[b][Maximilien|| Su casa][/b][/align]

El vaso de cristal estaba literalmente vacío, y mis dedos parecían aburrirse, dado que no lo soltaban en absoluto. Con la mano libre, me apreté los ojos, intentando liberar una frustración que venía carcomiéndome desde horas atrás. Maldita Alice, si no hubiese aparecido anoche, no estaría con una calentura continua esta mañana. Me levanté del sofá hacia la barra, agarré la botella de cristal y rellené mi vaso con escocés puro de anda a saber de que año. Observé mi inexistente rostro en el líquido ámbar, agradeciendo no poder verme; no estaba de humor para saber si me veía fatal. Que de seguro estaba viéndome fatal. Me bebí el escocés de un solo trago, disfrutando ese ardor bajar por mi garganta.
Seguía teniendo sed, pero no de bebidas añejas del Reino Unido. Era esa sed que llamaba al cazador que vivía debajo de mi piel cada día desde hace doscientos años. Y mi comida me esperaba en una habitación, bastante cuidada. Dejé el vaso en la barra, crují los huesos de mi espalda y cuello, preparándome para un desayuno de unos veinte años, rubia y ojos verdes. Delicioso.
La chica en cuestión estaba acurrucada y temblando en la esquina de la habitación, sollozando compulsivamente y abrazando sus piernas. Se acurrucó más al percibir mi entrada en el lugar.
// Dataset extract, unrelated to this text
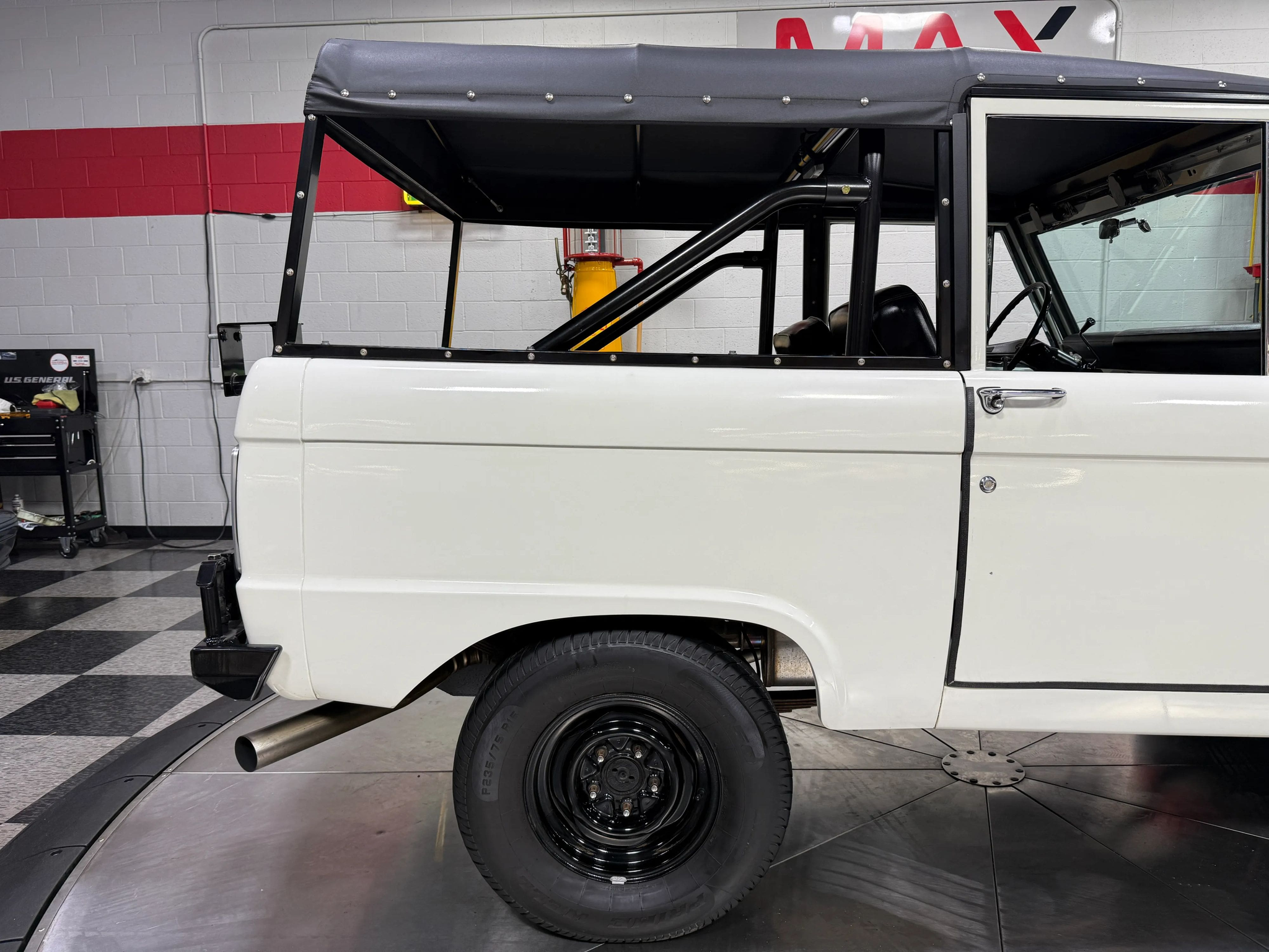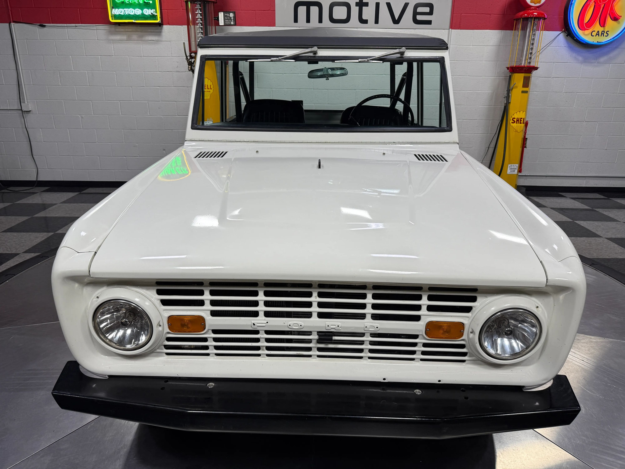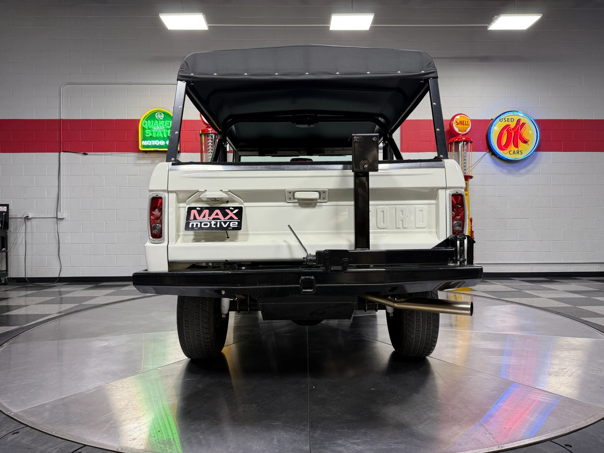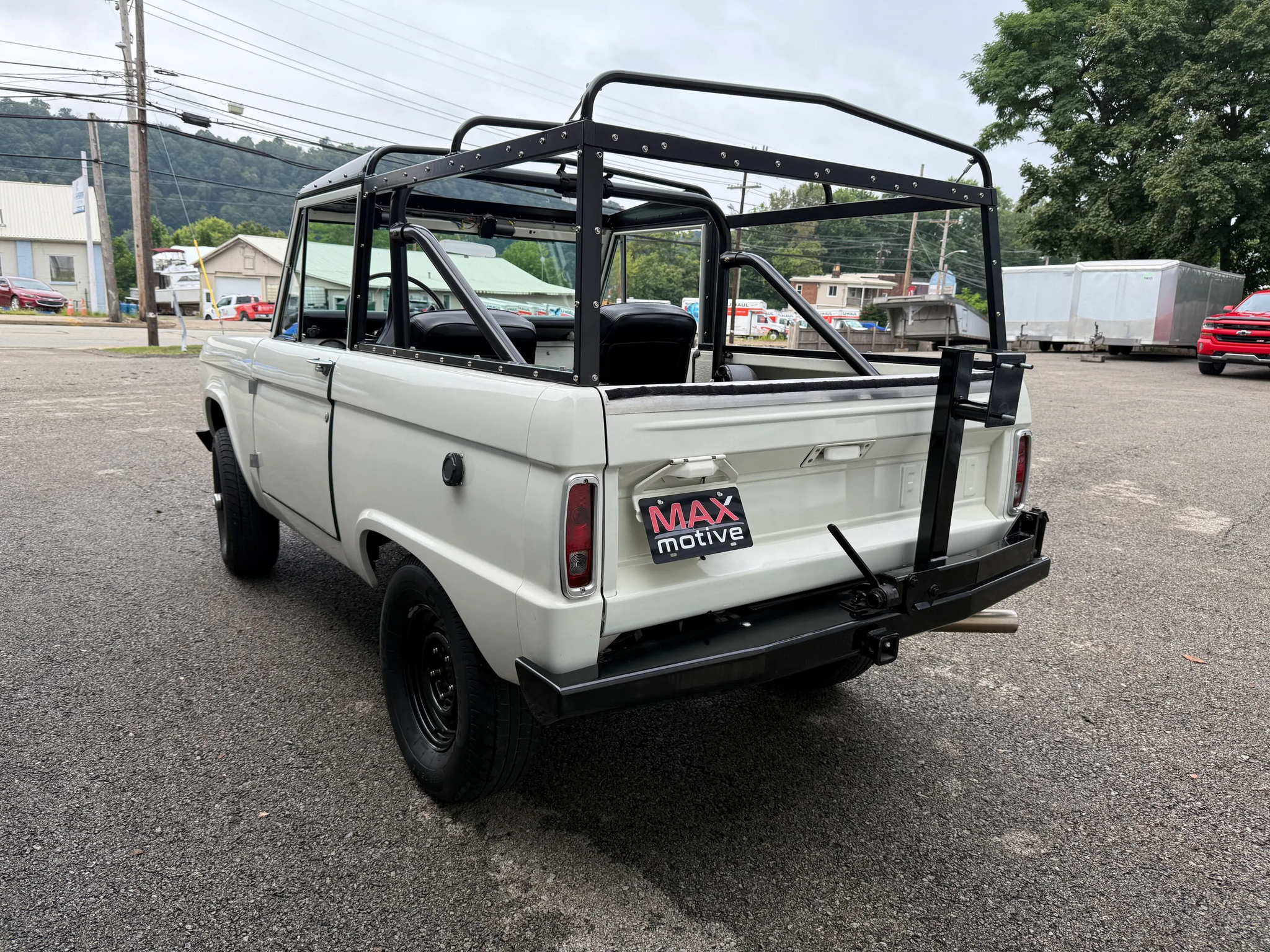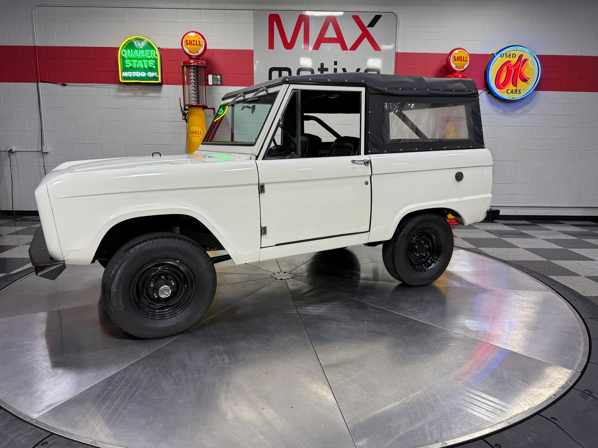 Maxmotive is pleased to offer this stunning, rugged, ready to turn heads 1968 Bronco. This Bronco has received a nice boost in horsepower from the Foxbody 5.0 V-8 engine that was swapped in from a 1989 Mustang. The top end of the engine was gone over prior to install, and shorty headers were added to ensure optimal performance and sound. Speaking of engine sound, the engine proudly rumbles through a Magnaflow muffler. Under the hood, an upgraded aluminum radiator makes sure that 5.0 engine stays nice and cool. The soft top is new, within the last 18 months. The inside rear wheel wells were texture sprayed in matching white paint. Heavy duty aftermarket bumpers front and rear, with a matching heavy duty fifth wheel spare in the back of the Bronco. New and updated front wiper motor system, Retrosound aftermarket radio, and aftermarket speakers make sure driving the Bronco is just as enjoyable as staring at the Bronco. The front driveshaft is not installed currently, so the Bronco is currently set up as a two wheel drive Bronco. For more pictures and information, please visit our website www.maxmotive.com

Me sonreí, acercándome hacia ella, a una distancia no mayor de cincuenta centímetros, lo suficiente para no atacarla así como así (que tengo modales a la hora de comer) y para intimidarla un poco más. Me acuclillé, sin dejar de mirarla; piel pálida, cubierta de pecas, cabellos rubios, una mezcla entre platino y dorado y ojos enrojecidos que resaltaban más ese verde aguamarina. Seguramente tenía ascendencia sueca u holandesa o alemana, ¿quien sabe?.